Wednesday, March 26, 2008

UK web activism on dyslexia includes focus on prisons

Having written previously about Texas' failure to target the link between illiteracy and crime, particularly for children with dyslexia, I was especially pleased to find the Dyslexia Online Magazine, a British site whose contents made me think this issue has taken hold more strongly on the political front in the UK than in America.

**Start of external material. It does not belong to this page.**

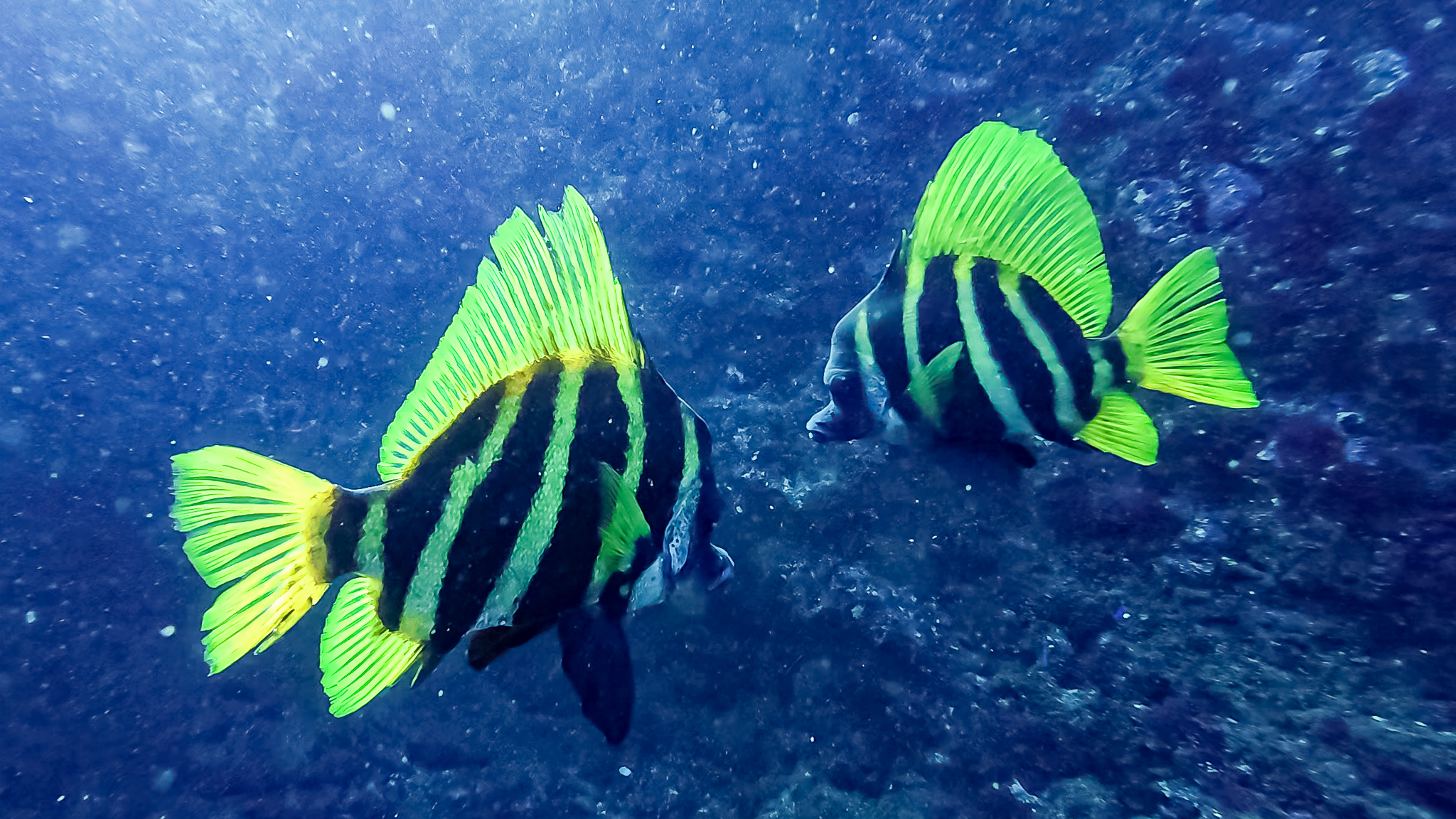 近づくと大きい方の手前の個体が小さい奥側の個体をかばうように泳いでいたので、大型の方がオスなのかなと妄想。

Dyslexia Online contained several interesting items including a December 2007 petition from dyslexics demanding that the British Prime Minister tackle the problem of their over-representation in prison. Another mentioned Scottish efforts beginning in 2001 to reduce recidivism by diagnosing and treating dyslexic prisoners:
Future inspections of Scottish prisons will report on efforts to screen inmates and offer help, pledged Clive Fairweather HM Chief Inspector of Prisons. An estimated 4-10 per cent of Scots are dyslexic, but a study at Edinburgh University by Jane Kirk, a dyslexia adviser, and Gavin Reid, a senior lecturer, found that in a random sample of 50 young offenders at Polmont Institute, half were affected. ...

Mr Fairweather pledged to "mention" how the issue of dyslexia was handled in prison inspection reports in a bid to put the problem more firmly on the agenda. Faced with challenges from suicides and drugs, education was far down the prisons needs list.
Mr Fairweather said, "and dyslexia is even further down."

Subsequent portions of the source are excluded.